Instructions for the task
Could you please retype exactly the lines from the start of the records below through the line that contains "Girls Color Spliced", both included, and leave out the pictures?

Supplied records
■ ■ ■ ■ ■ ■ ■

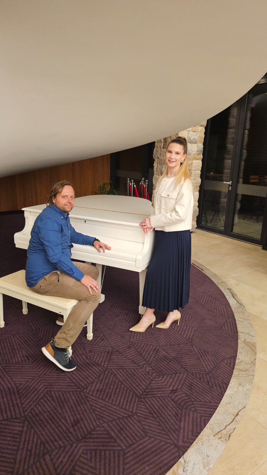 Vokalni duet s klavirjem in digitalnimi bobni na nogah za poročne obrede in kavarniške nastope.
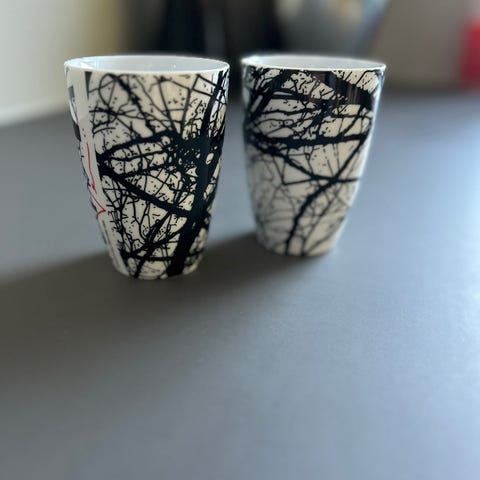 Porcelæn af Pernille Vea design Menu bestående af fem kaffekopper, fire skåle og et salt- og pebersæt. Delene er hvide med sort, buet linjemønster. Kopperne er velegnede til kaffe, te eller andre varme drikke, og skålene kan bruges til fx morgenmad, snacks eller tilbehør. Salt- og pebersættet er i samme design som resten af sættet. På en af kopperne ses en afskalning i kanten, som fremgår af billedet.
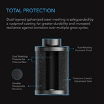 Węgiel aktywny jest bezpiecznie zamknięty w filtrze zapachów za pomocą aluminiowych kołnierzy i solidnej gumowej uszczelki. Sam filtr wykorzystuje dwie warstwy ocynkowanej siatki stalowej z piaskowanym wykończeniem, aby chronić warstwę węgla drzewnego. Te liczne warstwy współpracują ze sobą, aby skutecznie blokować zapachy nawet w najbardziej wilgotnych środowiskach, zapewniając zwiększoną odporność na rdzę i korozję.
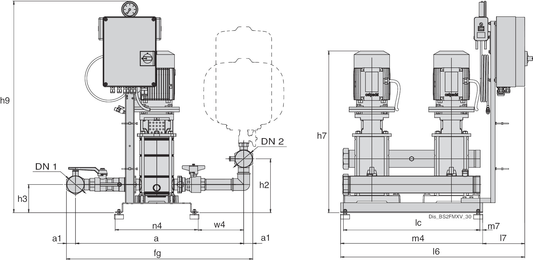 Pompe multistadio verticali con bocche di aspirazione e mandata dello stesso diametro e disposte sullo stesso asse (in-line).Bussole di guida resistenti alla corrosione e lubrificate dal liquido pompato.
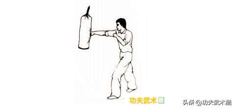 把不同的砂袋放好,分别用拳、掌、腿击打砂袋,力量由小到大,砂袋由轻到重。拳、掌、腿的每种打法应各在300次以上(图34、35、36)。
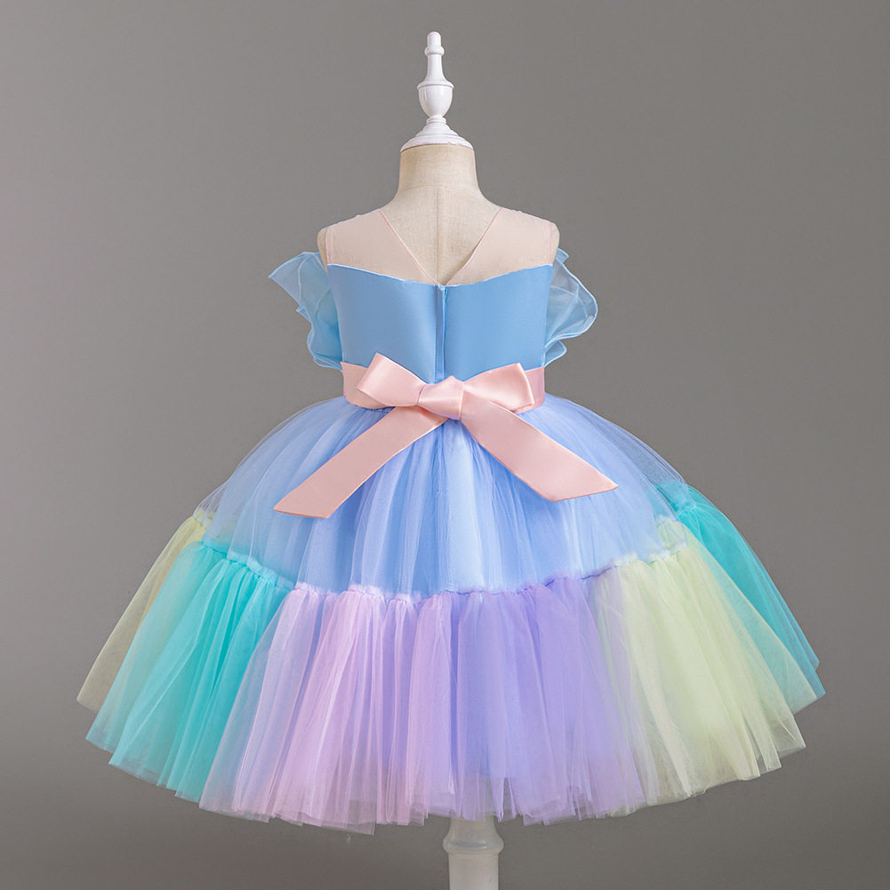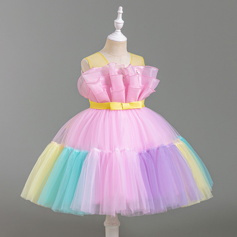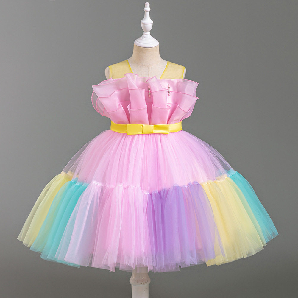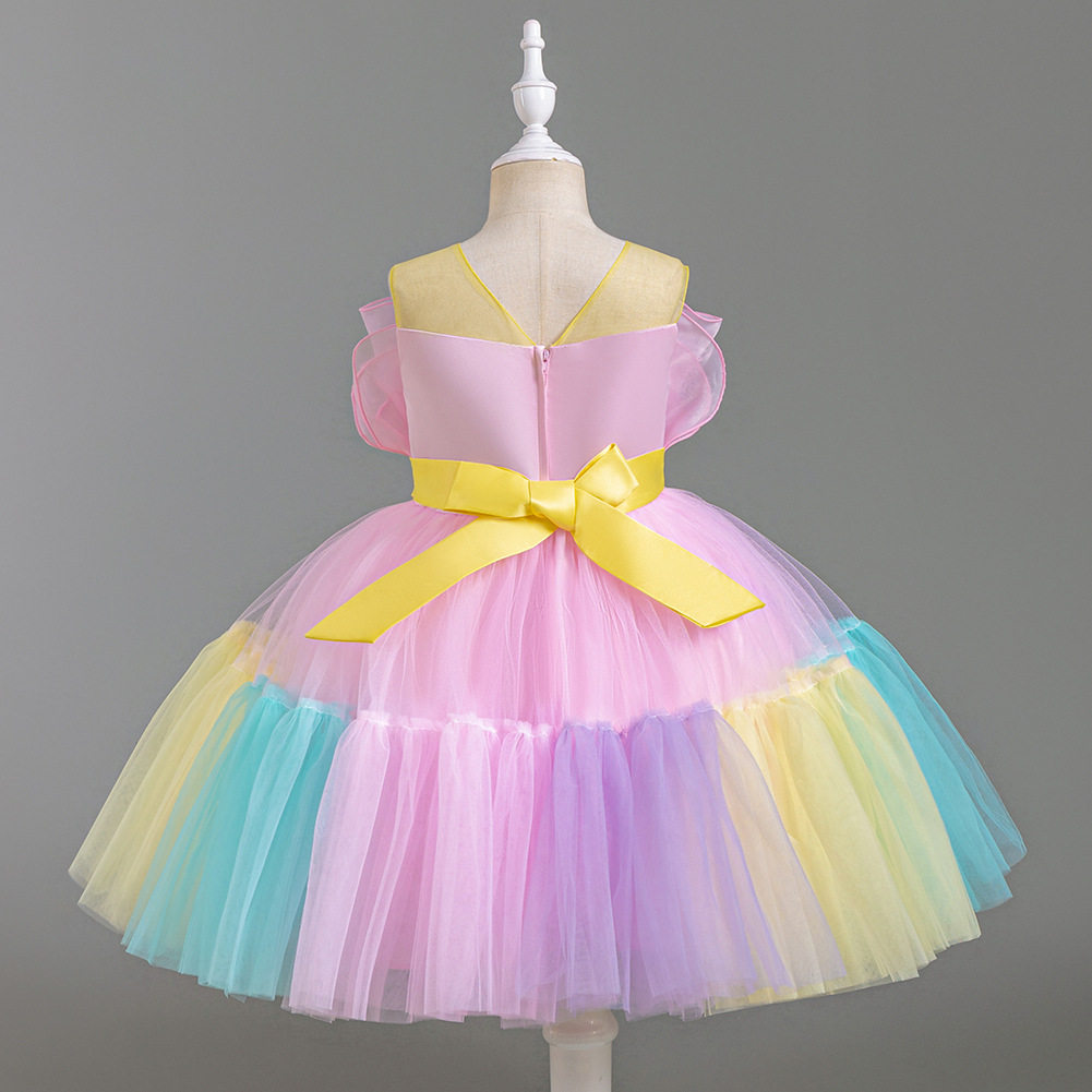 Girls Color Spliced Princess Dress Sleeveless Color Matching Bow Dress Catwalk Piano Performance Dress 363
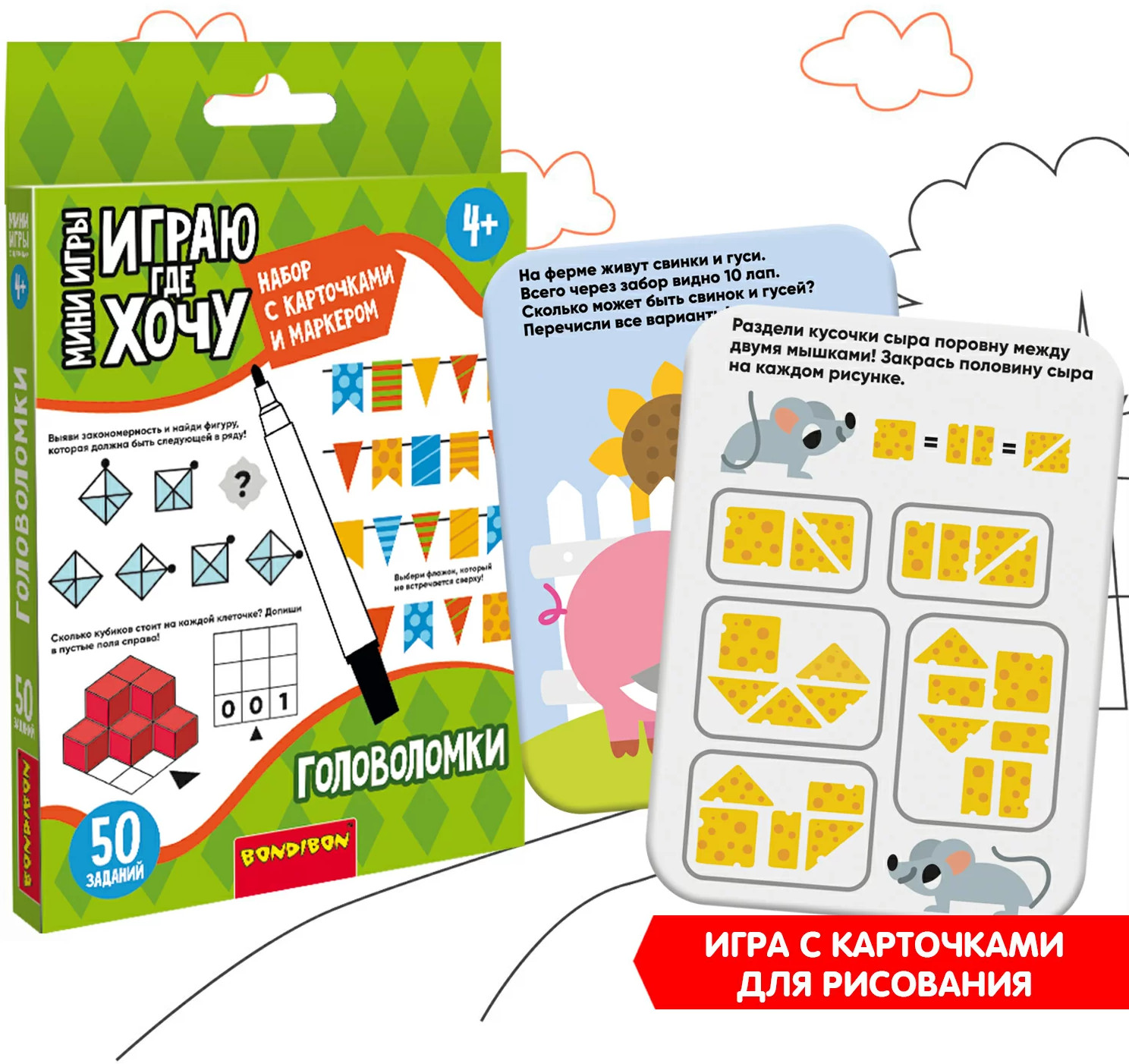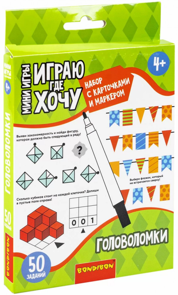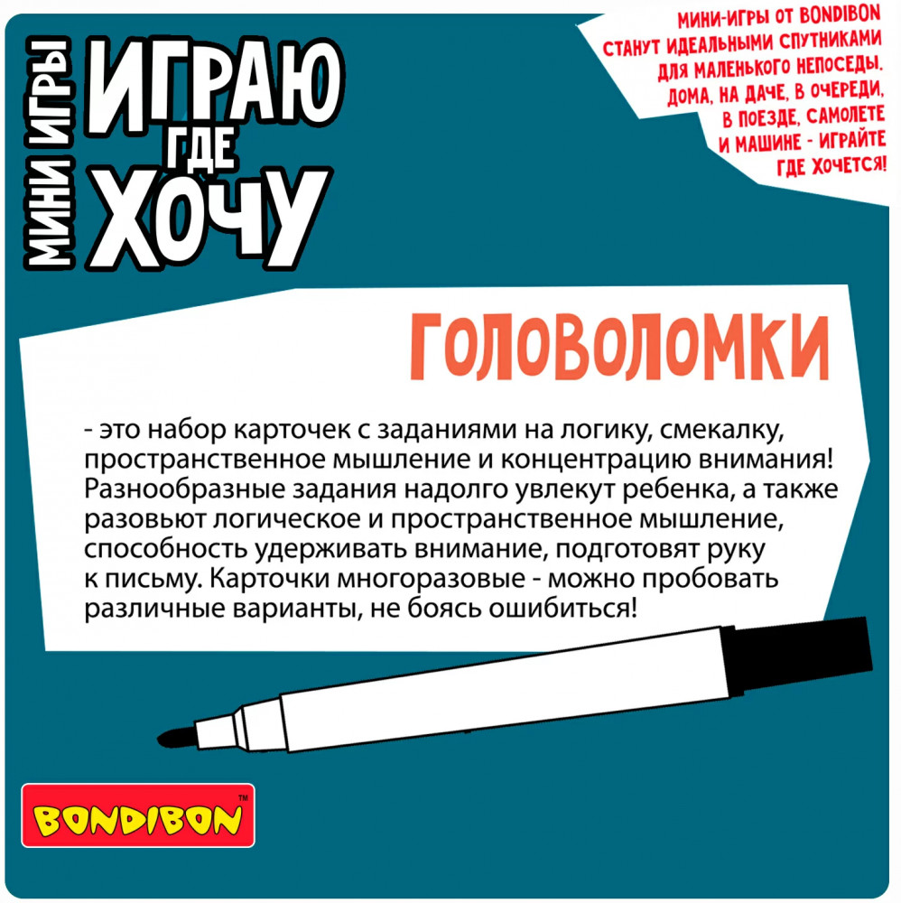 Набор многоразовых карт с заданиями на логику и смекалку — отличный помощник в подготовке детей к школе! Развивающая мини-игра с карточками и маркером «Головоломки» серии «Играю где хочу» от Bondibon дает возможность интересно и с пользой провести время дома, в дороге и даже в очереди! Перед Вами множество увлекательных заданий. Решайте логические задачки, выявляйте закономерности, подбирайте числа, дорисовывайте недостающие предметы и многое другое. Пробуйте различные варианты решения прямо на карточках и не бойтесь ошибиться. Маркер с легкостью стирается при помощи салфетки!

■ ■ ■ ■ ■ ■ ■

Solution to the exercise
 Vokalni duet s klavirjem in digitalnimi bobni na nogah za poročne obrede in kavarniške nastope.
 Porcelæn af Pernille Vea design Menu bestående af fem kaffekopper, fire skåle og et salt- og pebersæt. Delene er hvide med sort, buet linjemønster. Kopperne er velegnede til kaffe, te eller andre varme drikke, og skålene kan bruges til fx morgenmad, snacks eller tilbehør. Salt- og pebersættet er i samme design som resten af sættet. På en af kopperne ses en afskalning i kanten, som fremgår af billedet.
 Węgiel aktywny jest bezpiecznie zamknięty w filtrze zapachów za pomocą aluminiowych kołnierzy i solidnej gumowej uszczelki. Sam filtr wykorzystuje dwie warstwy ocynkowanej siatki stalowej z piaskowanym wykończeniem, aby chronić warstwę węgla drzewnego. Te liczne warstwy współpracują ze sobą, aby skutecznie blokować zapachy nawet w najbardziej wilgotnych środowiskach, zapewniając zwiększoną odporność na rdzę i korozję.
 Pompe multistadio verticali con bocche di aspirazione e mandata dello stesso diametro e disposte sullo stesso asse (in-line).Bussole di guida resistenti alla corrosione e lubrificate dal liquido pompato.
 把不同的砂袋放好,分别用拳、掌、腿击打砂袋,力量由小到大,砂袋由轻到重。拳、掌、腿的每种打法应各在300次以上(图34、35、36)。
 Girls Color Spliced Princess Dress Sleeveless Color Matching Bow Dress Catwalk Piano Performance Dress 363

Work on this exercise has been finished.